→ **Prompt**
The entries must be repeated verbatim, and their images left out.

→ **Records to use**
*** Block opens ***

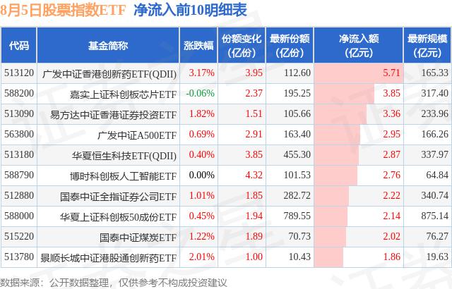 當(dāng)日有144只股票指數(shù)ETF基金出現(xiàn)資金凈流入,其中凈流入排名首位的是廣發(fā)中證香港創(chuàng)新藥ETF (QDII)(513120),其份額增加了3.95億份,凈流入額達(dá)到5.71億元。
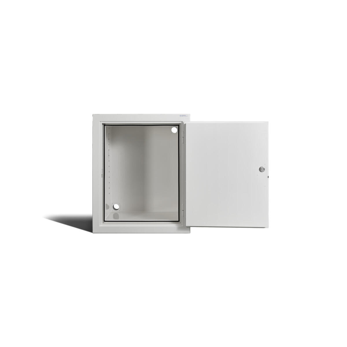 Brandklassificeret gasskab til opbevaring af propan og andre brandfarlige gasser. Skabet er udstyret med ventilationsstudse, der føres direkte ud gennem ydervæg uden behov for mekanisk ventilation. 2 stk. rørstudse (ILÖ 80) er placeret på skabets bagside – én i øverste kant og én i nederste kant.
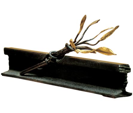 E’ all’intero ed in relazione con questo clima sfaccettato della cultura artistica contemporanea e della scultura in termini di specifica avventura linguistica, che il patrimonio complesso e segreto, contradditorio come deve essere in ogni essere umano attento alla sensibilità, delle emozioni e dei sentimenti trova spazio per una affermazione nitida e diretta, rigorosa e quasi disarmante: il ramo e le foglie, lo stelo ed un boccio di rosa forgiato nel ferro.
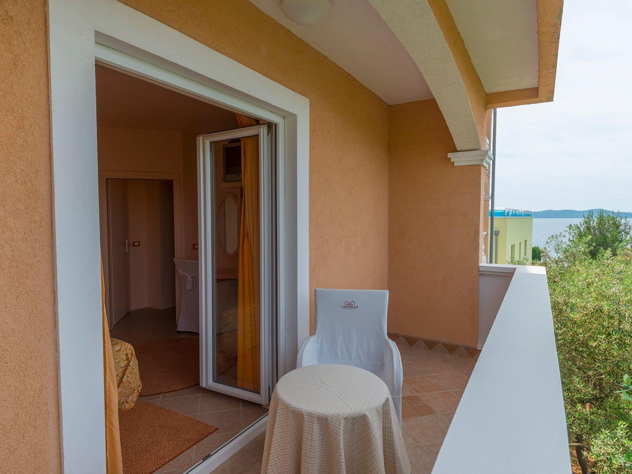 Your private sea view balcony is equipped with a dining table and chairs. And each apartment has its own private parking space at the front of the house.
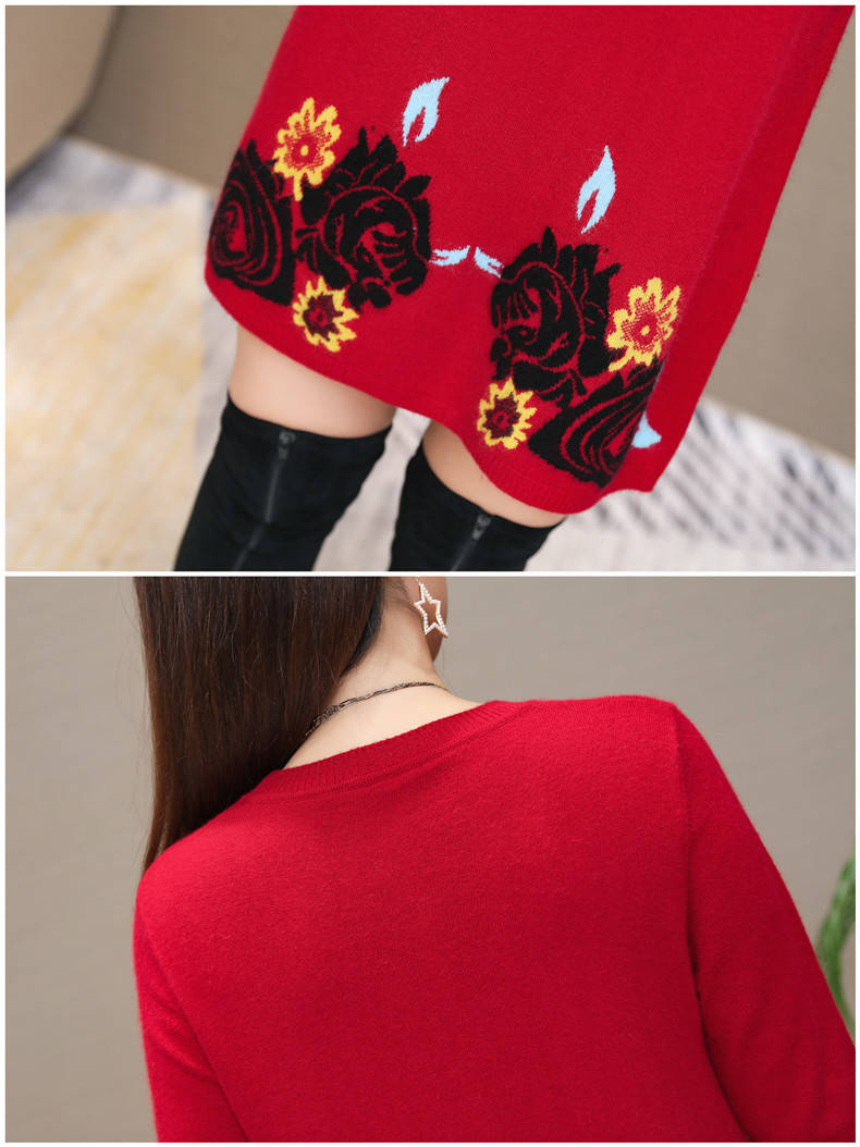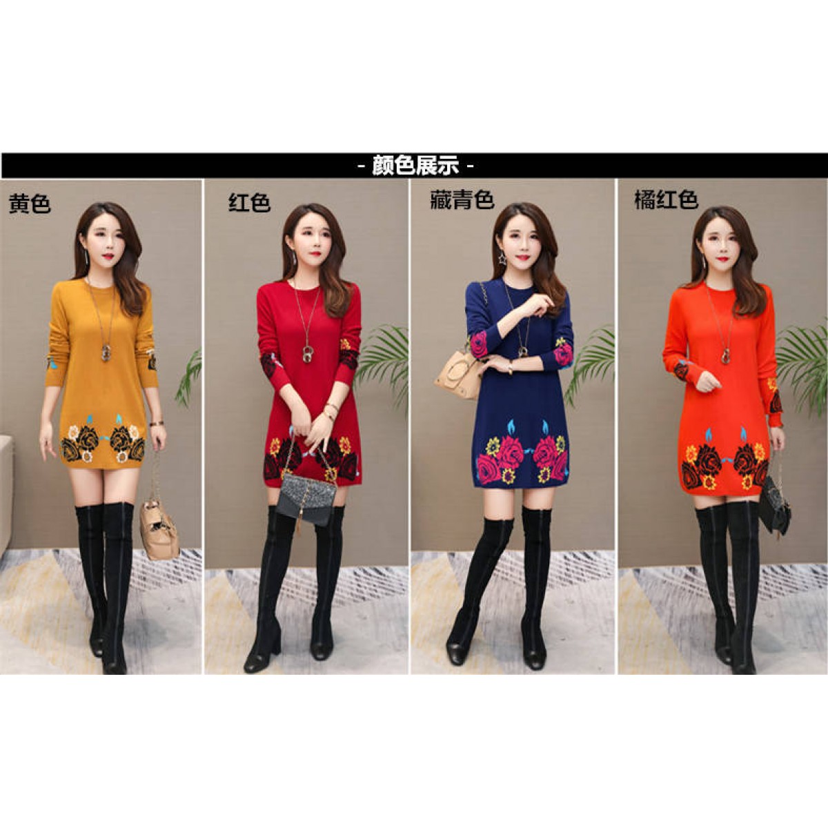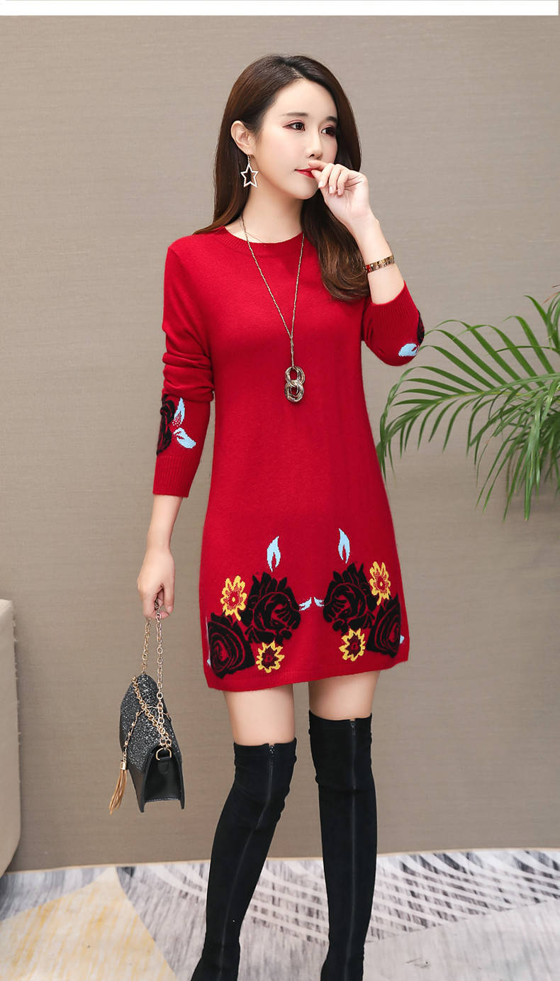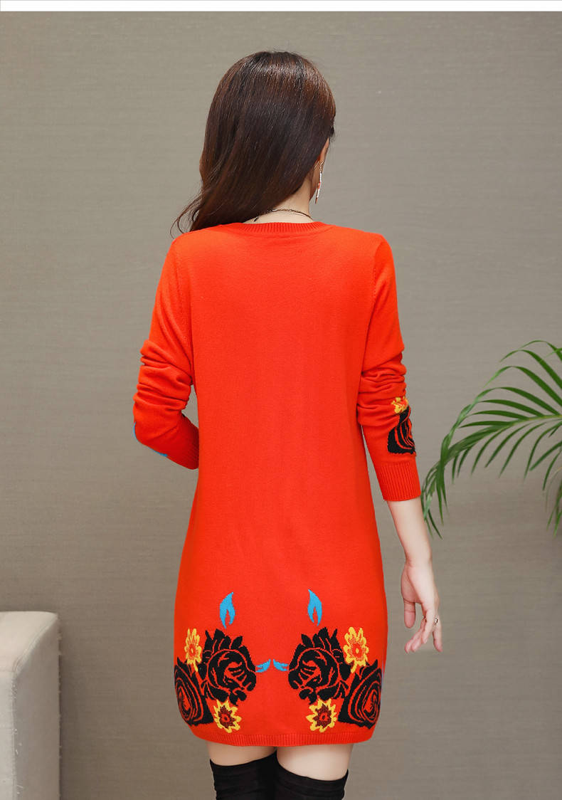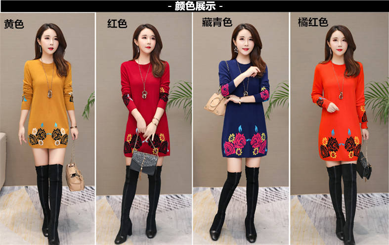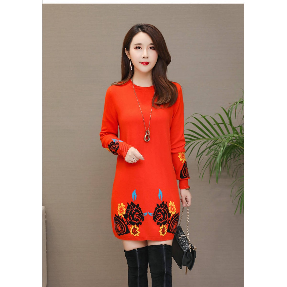 商品名稱:秋冬圓領(lǐng)媽媽寬松毛衣女中長款印花連衣裙大碼中老年針織厚打底衫

*** Block closes ***

→ **Solution for this task**
 當(dāng)日有144只股票指數(shù)ETF基金出現(xiàn)資金凈流入,其中凈流入排名首位的是廣發(fā)中證香港創(chuàng)新藥ETF (QDII)(513120),其份額增加了3.95億份,凈流入額達(dá)到5.71億元。
 Brandklassificeret gasskab til opbevaring af propan og andre brandfarlige gasser. Skabet er udstyret med ventilationsstudse, der føres direkte ud gennem ydervæg uden behov for mekanisk ventilation. 2 stk. rørstudse (ILÖ 80) er placeret på skabets bagside – én i øverste kant og én i nederste kant.
 E’ all’intero ed in relazione con questo clima sfaccettato della cultura artistica contemporanea e della scultura in termini di specifica avventura linguistica, che il patrimonio complesso e segreto, contradditorio come deve essere in ogni essere umano attento alla sensibilità, delle emozioni e dei sentimenti trova spazio per una affermazione nitida e diretta, rigorosa e quasi disarmante: il ramo e le foglie, lo stelo ed un boccio di rosa forgiato nel ferro.
 Your private sea view balcony is equipped with a dining table and chairs. And each apartment has its own private parking space at the front of the house.
 商品名稱:秋冬圓領(lǐng)媽媽寬松毛衣女中長款印花連衣裙大碼中老年針織厚打底衫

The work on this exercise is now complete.